Over the past two weeks, I have done a major cleaning, sorting and general fixing up of the booth getting ready for spring. I have a sudden flush of new roots and leaves on most of my plants since I have started increasing humidity. But there are two plants I have that are growing, but don't seem to be growing up. 

The first is Christensonia vietnamica. This plant was a two growth division when I bought it, and the old growth was mangled. The old growth has since died back leaving a nice seven leaf new growth with plenty of green roots. It put on a new leaf last year and the root tips are growing but the plant doesn't seem to be doing anything. I gave it a dry rest, by accident really, when it got mixed in with my Encyclias. Does anyone have any advice to share about this one? Sadly, I don't even know what time of year this one blooms.
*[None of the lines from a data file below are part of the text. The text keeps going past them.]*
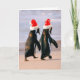 Pinguine in Weihnachtsmannmützen am Strand Feiertagskarte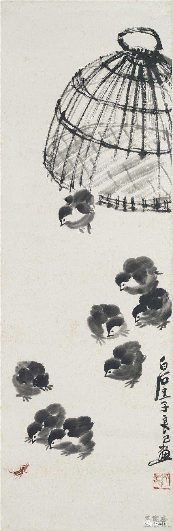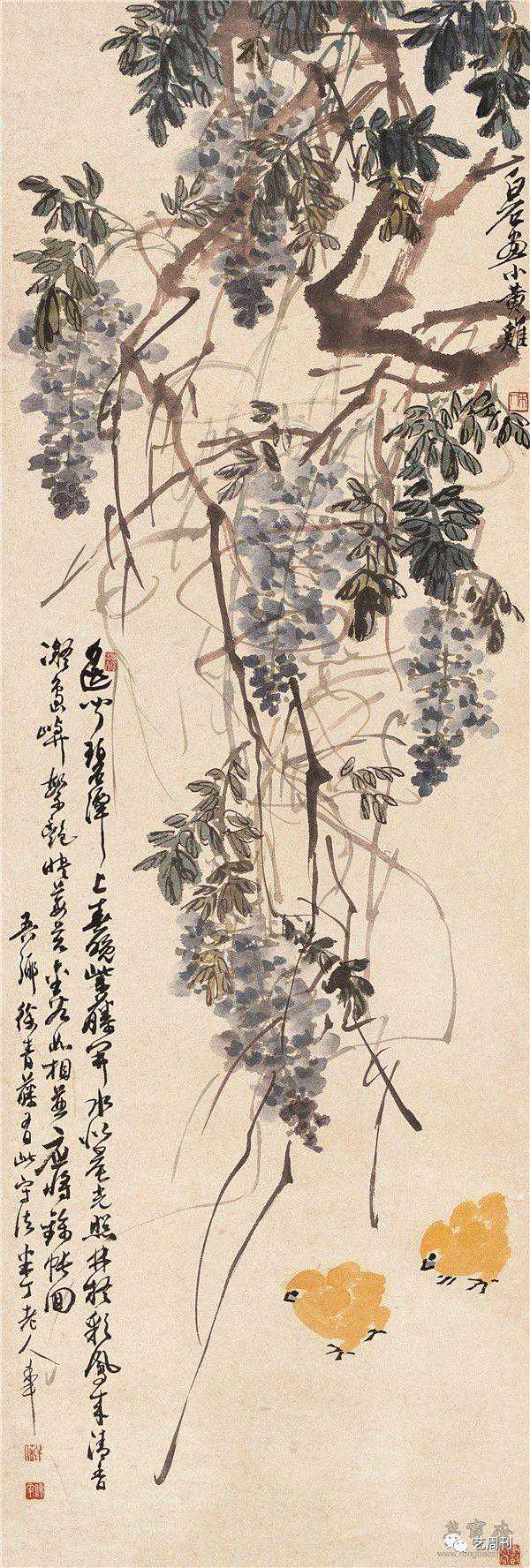 齐白石、陈半丁紫藤雏鸡图118cm×40cm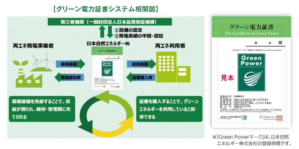 「グリーン電力証書システム」とは、風力発電や太陽光発電といった自然エネルギーにより発電された電気の環境付加価値を、証書発行事業者(日本自然エネルギー)が第三者機関(一般財団法人 日本品質保証機構)の認証を得て発行し、「グリーン電力証書」という形で取り引きする仕組みです。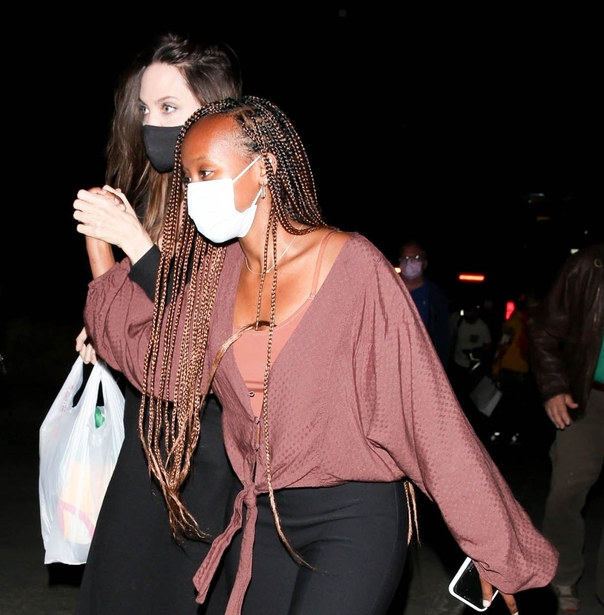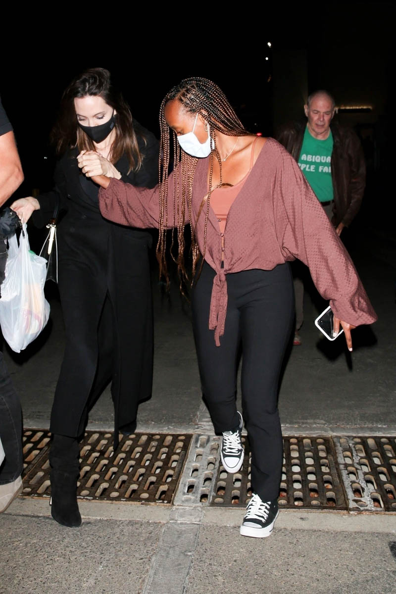 This was Friday though. Because now Angelina is back in LA and I guess there’s no jet lag because on Sunday night she and Zahara were seen at the Ziggy Marley show at the Hollywood Bowl. What’s in the plastic bag? Angelina Jolie, just like us? Getting merch at a concert?
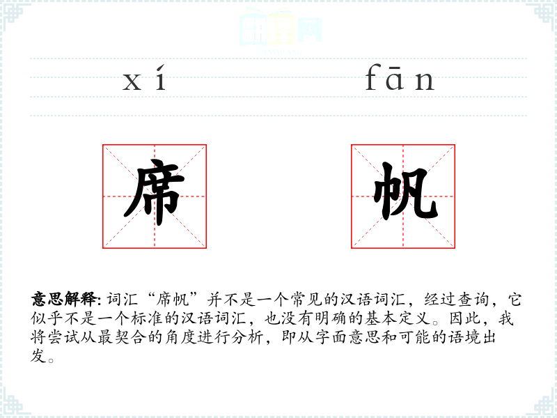 词汇“席帆”并不是一个常见的汉语词汇,经过查询,它似乎不是一个标准的汉语词汇,也没有明确的基本定义。因此,我将尝试从最契合的角度进行分析,即从字面意思和可能的语境出发。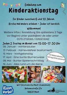 Nächster Kinderaktionstag für Kinder zwischen 6 und 10 Jahren findet am 13.03.2026 von 15:00 - 17:30 Uhr statt. Anmeldung bis zum 11.03.2026.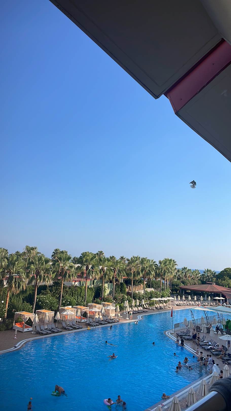 Abendstimmung am Pool, an dem man immer eine Liege findet.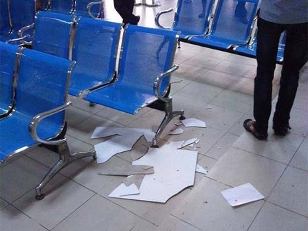 Mảng kim loại trên trần bệnh viện rơi trúng đầu, cháu bé nhập viện cấp cứu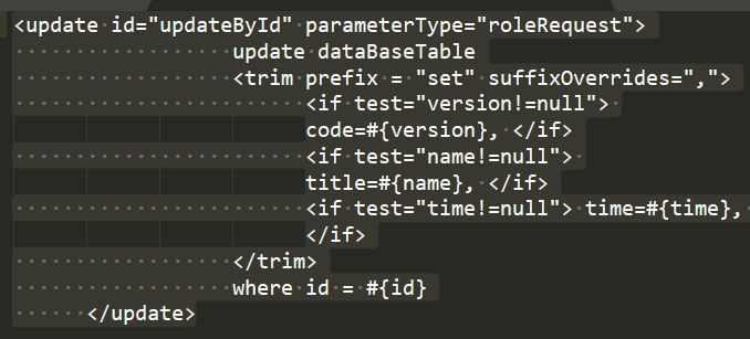 1 <insert id="insertTable" parameterType = "tableDao"> 2 INSERT INTO tableDaoa 3 <trim prefix="(" suffix=")" suffixOverrides=","> 4 <if test="id!=null"> id, </if> 5 <if test="time!=null"> time, </if> 6 </trim> 7 VALUES 8 <trim prefix="(" suffix=")" suffixOverrides=","> 9 <if test="id!=null"> #{id}, </if> 10 <if test="time!=null"> #{time}, </if> 11 </trim> 12 </insert>

The second plant is a Zygopetalum hybrid. It was a six bulb plant when I bought it, and three of those bulbs bloomed right after. Those three bulbs are now putting out this year's growth. The problem with this plant is, each bulb only puts out one new growth. I know, what a lame problem to have. I just wish this plant would start multiplying more rapidly, because when it blooms it is really amazing. Does anybody have a magic potion or incantation that can make a plant put on more new growths? I don't believe it's my culture, because this plant is massive and happy. Just not happy enough to multiply.


----------



## SlipperFan (Feb 3, 2008)

I don't know about the other, but I think it's typical for the Zygopetalum family to have one new growth per bulb.


----------



## goldenrose (Feb 3, 2008)

I was hoping more might chime in by now. I don't know about the others either, I have Zygo.Blue Bird & this year I got 2 spikes off one new bulb. I treat it like a cymbidium.  sorry I can't be of more help!


----------



## paphioboy (Feb 3, 2008)

I think that Christensonia vietnamica should be treated like vandas or aerides.. not sure if it has a resting period though...


----------